Lorenzo Albaladejo

Personal information
- Full name: Lorenzo Albaladejo Martínez
- Nationality: Spanish
- Born: 4 May 1990 (age 36) Murcia, Spain
- Website: LorenzoAlbaladejo.com

Sport
- Country: Spain
- Sport: Track and field (T38)

Medal record
IPC European Championships
| Silver medal – second place | 2012 Stadskanaal | 100m – T38 |
| Silver medal – second place | 2012 Stadskanaal | 200m – T38 |
| Silver medal – second place | 2014 Swansea | 100m – T38 |
| Silver medal – second place | 2014 Swansea | 200m – T38 |
| Bronze medal – third place | 2016 Grosseto | 200m – T38 |
| Bronze medal – third place | 2016 Grosseto | 400m – T38 |

= Lorenzo Albaladejo =

Spanish Paralympic athlete

Lorenzo Albaladejo Martínez (born 4 May 1990 in Murcia, Spain) is a Paralympic athlete from Spain, competing mainly in category T38 sprint events.

== Personal ==
Albaladejo was born 4 May 1990 in Murcia, Spain. He has cerebral palsy, a condition he has had since birth. In 2012, he resided in San Javier. In 2012, he was one of several athletes honored at the Murcia Sports Merit Awards organized by the Spanish Sports Press Association in Murcia. In December 2013, he attended an event marking Spanish insurance company Santa Lucía Seguros becoming a sponsor of the Spanish Paralympic Committee, and consequently Plan ADOP which funds high performance Spanish disability sport competitors. He chose to attend the event because he wanted to show support for this type of sponsorship. In December 2013, he participated in an event related to Spain's constitution day at the Centro Deportivo Municipal Moratalaz in Madrid.

== Athletics ==
Albaladejo is a Paralympic athlete from Spain competing mainly in category T38 in sprint events.

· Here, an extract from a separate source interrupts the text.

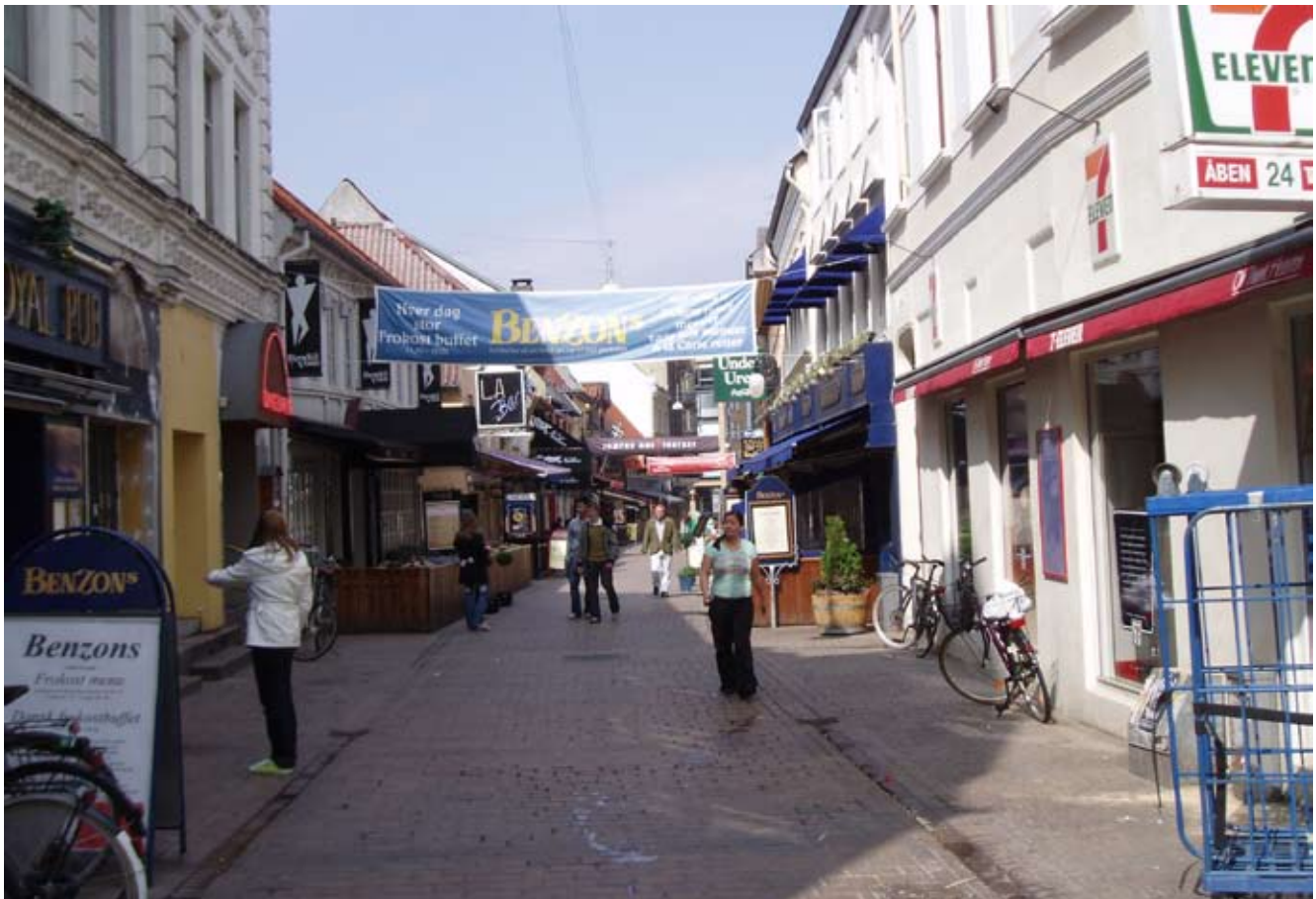
“Gå i byen steder” er ofte populære, men ikke for alle. Der opstår konflikter, når beboernes ønske om fred og ro ikke kan forenes med det fest- og natteliv, som de omkringliggende funktioner indbyder til. Her Jomfru Ane Gade i Aalborg.

af individualitet samt forskellige og skiftende behov.

During the 2011/2012 season, Albaladejo competed for the Murcia based Club Escuela de Atletismo San Javier and trained there and, occasionally, in Murcia. In 2012, he was the Spanish national champion in the 100 and 200 meter events. He competed at the 2012 European Stadskanaal, where he earned a pair of silver medals in the 100 meter and 200 meter T38 events. He competed in the 2012 Summer Paralympics in London, England where he finished 6th in the 100 meter event and 7th in the 200 meter event. He was the top European finisher in the 200 meter event. For the 2012/2013 athletics season, he competed for the Madrid-based Club Atletismo Gredos de San Diego and was coached by Jorge Marín. In July 2013, he participated in the 2013 IPC Athletics World Championships.